Wat is er aan de hand? De Geschillencommissie van het Kifid behandelde vorige week twee zaken tegen Direktbank. Daarin was sprake van een voor 14 juli 2016 gesloten hypotheek. De consumenten wilden die tussentijds wijzigen na die datum. Kifid stelde vast dat er getoetst moest worden aan de regels die golden voor 14 juli 2016.
Verwarring
Dat leidde tot verwarring, onder andere in de reacties op am:web. Had de AFM immers niet bepaald dat de regels zouden gelden voor zowel nieuwe als ouder hypotheken? In een blog op de eigen site schreef Jeroen Wolfsen van Moneywise over dit verschil van inzicht tussen Kifid en AFM en het nadeel dat dit voor klanten zou kunnen betekenen. Later lichtte hij dat toe bij BNR.
Civiel recht
Maar van verschil van inzicht is geen sprake, zegt zowel Kifid als AFM. “Een hypotheekovereenkomst valt onder het civiel recht”, legt Kifid-woordvoerder Marie-Christine Reusken uit. “In het Burgerlijk Wetboek staat dat je tussentijds de spelregels van een afgesloten overeenkomst niet kunt wijzigen. Wij toetsen daaraan en zien dat naar die regels is gehandeld. Daarnaast geven we aan dat als getoetst zou zijn aan de AFM-leidraad, de bank zich ook aan de regels heeft gehouden. Maar onze juridische grond is het civiel recht. De AFM-leidraad is administratief recht.”
Geen tegenstelling
“Er is geen tegenstelling, de regels waarop de AFM toeziet gaan verder”, bevestigt AFM-woordvoerder Nicole Reijnen. “Wij hebben bevoegdheden gekregen om aan te geven wat een hypotheekverstrekker maximaal in rekening mag brengen bij een vervroegde aflossing. Die berekening geldt bij hypotheken van zowel voor als na de ingangsdatum van de wetgeving. Hypotheekverstrekkers hebben ook gezegd dat ze zich daaraan zullen houden. In de uitspraken van Kifid was de opmerking over die datum ook niet meer dan een zijnotitie. Het was niet de kern van het probleem.”
Leidraad omarmd
Dringt zich wel de vraag op hoe de Geschillencommissie zou oordelen als een bank zich niet aan de AFM-leidraad heeft gehouden, maar wel aan het civiel recht. “Dat is een als-danredenering die ik nu nog niet kan invullen”, zegt Reusken, die vermoedt dat dit in de praktijk nauwelijks zal voorkomen.

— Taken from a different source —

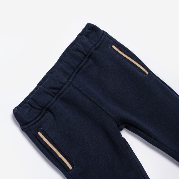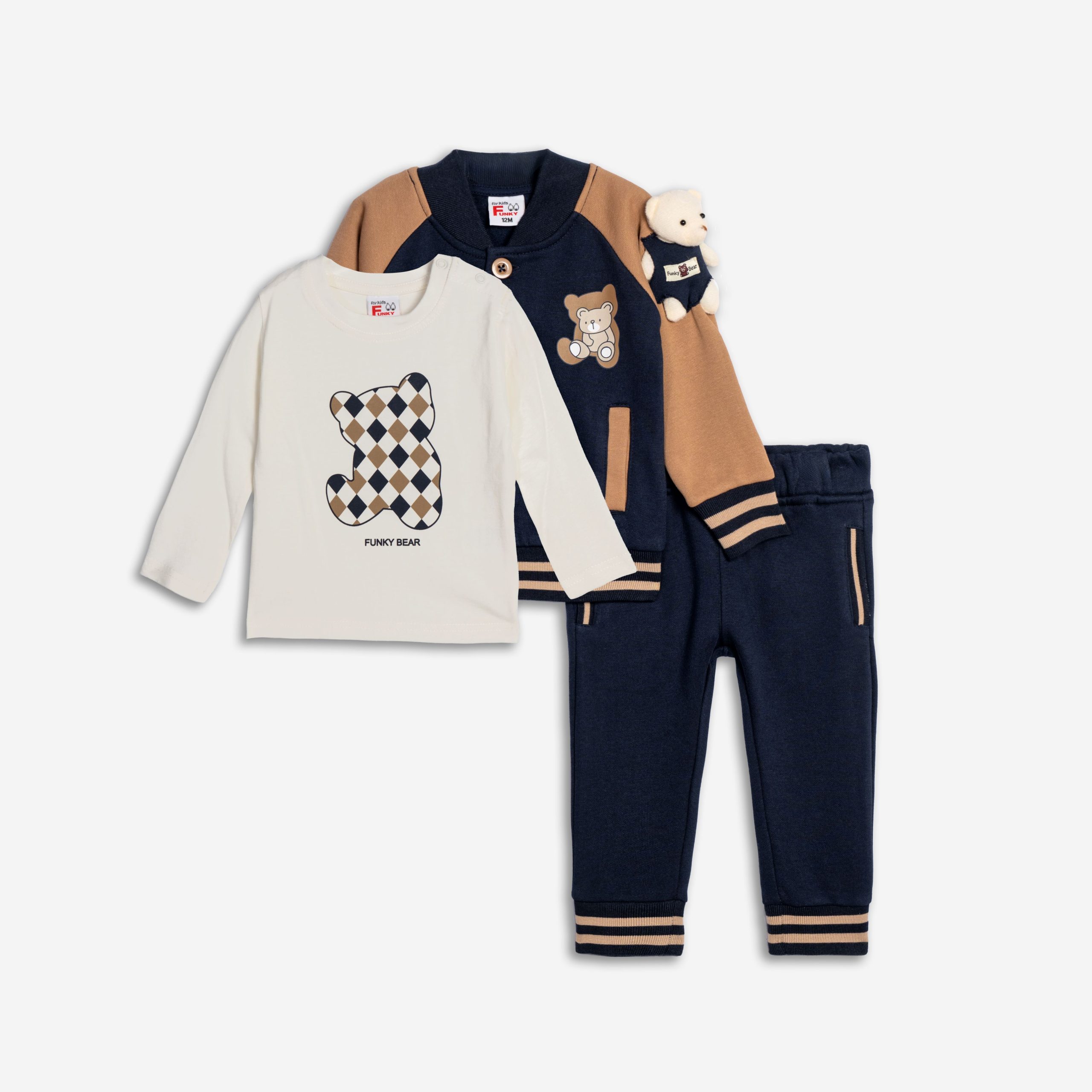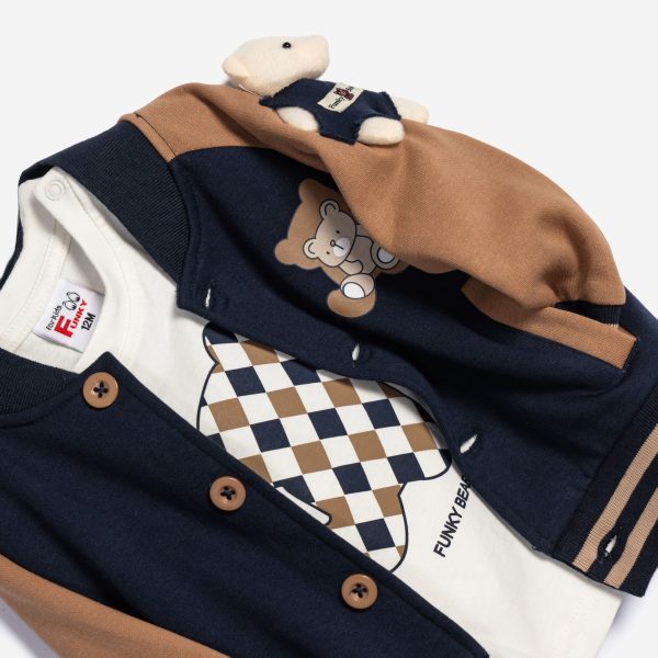 Σετ 3τεμαχίων ζακετά φούτερ με αρκουδάκι ραμμένο στο μανίκι,μπλούζα κάλτσα με τύπωμα(αρκουδάκι) και παντελόνι φούτερ για αγόρι 6-24 μηνών σε χρώμα μπλε-tawny brown/εκρού/μπλε
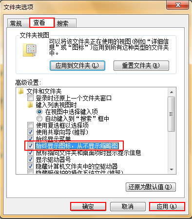 2、在文件夹选项中,点击“查看”选项卡,然后在高级设置中找到“始终显示图标,从不显示缩略图”设置,将其勾选,最后点击“应用—确定”按钮,如下图所示:

Dat benadrukt ook Reijnen. “Het komt vaker voor dat als iemand naar de burgerlijke rechter stapt, er andere regels gelden. Maar deze casus zal niet voorkomen, want dan riskeren verstrekkers een boete of een aanwijzing. Ze hebben verklaard te leidraad te volgen. Consumenten kunnen met die leidraad in de hand ook naar hun geldverstrekker stappen om te zeggen dat ze duidelijkheid willen over de boeteberekening.”
Geen schade
Tot nadeel voor consumenten zal het dus niet leiden als hypotheekverstrekkers zich houden aan de regels van de toezichthouder, zegt Reijnen. In de twee zaken tegen Direktbank besloten beide consumenten overigens om het rentecontract uiteindelijk niet open te breken. Er is dus uiteindelijk geen boeterente berekend en de twee klanten hebben geen schade geleden.
Reijnen laat weten dat de AFM momenteel de naleving van de regels onderzoekt bij vijftien aanbieders.